Craigslist and Other “Normal” Job Postings: My first full-time job I found on Craigslist. I was not exactly looking for a job but I did want something more stable that didn’t require me to spend a large amount of my time meeting new people and making “sales” so I started sending emails to people that had jobs posted on Craigslist looking for developers. I emailed all of them that only mentioned projects that could be done in less than a year; including the ones that were paying too low with the same message:
My name is Heck Lee and I see you are looking for someone to do ____. I think I could do ____, but you might find it better to use contract labor for this task. Because ____ (here I would explain how long I thought the project would take me and how much I wanted to get paid.)
PS Everybody calls me Lee
I actually was able to pick up 2 project offers and 3 job offers from this activity.
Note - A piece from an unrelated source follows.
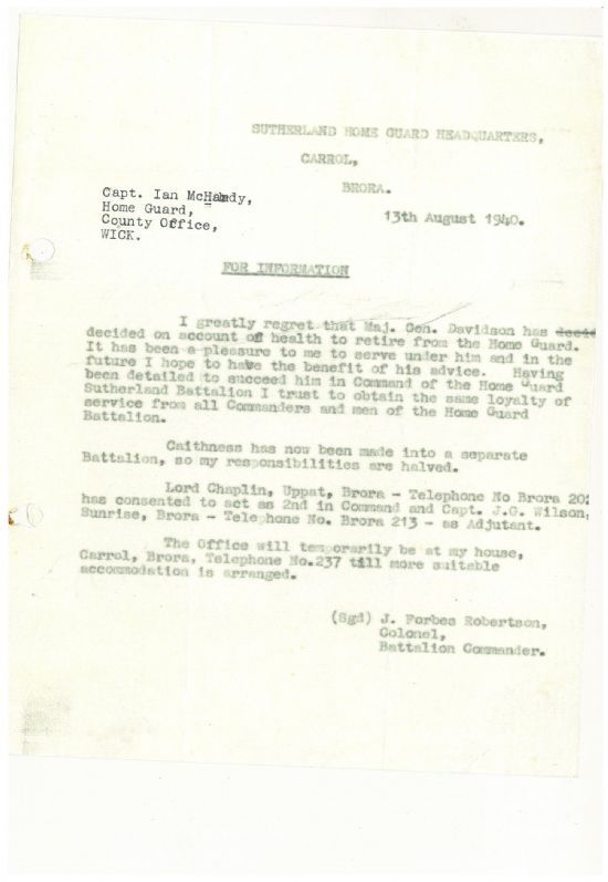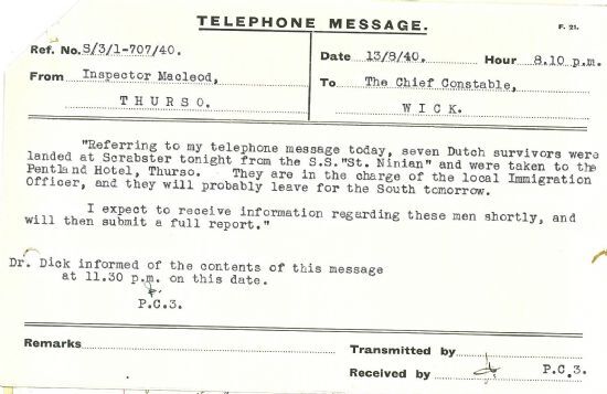 Meanwhile, German attacks on merchant shipping off the coast of Caithness continued unabated, leading to a steady stream of refugees passing south. On 13 August the police recorded that “seven Dutch survivors were landed at Scrabster tonight from the S.S. “St. Ninian” and were taken to the Pentland Hotel, Thurso. They are in the charge of the local Immigration Officer, and they will probably leave for the South tomorrow”.This week the Caithness Home Guard was formed into a separate Battalion, following the retirement of the previous commander of the joint Sutherland and Caithness Home Guard.

In another article I may go into detail on this entire process, but lets talk about how the job I picked happened.
It might help to know that I am in the Midwest and there are not a lot of technology companies around me. There are not many people starting new cool things so when one of the offers came back with much more to do than the job description had in it originally I was excited to talk to the owner. I setup a call and we talked about his plans. He wanted 3 web apps that would help people get jobs, get reliable news, and find government assistance. I explained that I was still learning a lot and laid out a plan on how to get his projects done.
Because he planned to work with the Native American Tribes there were some strict requirements that he had to meet, and it seemed like a great project to get me a little deeper into the programming world. He came back with an offer of about $28.75 /hr to counter my $30 /hr initial offer and I accepted.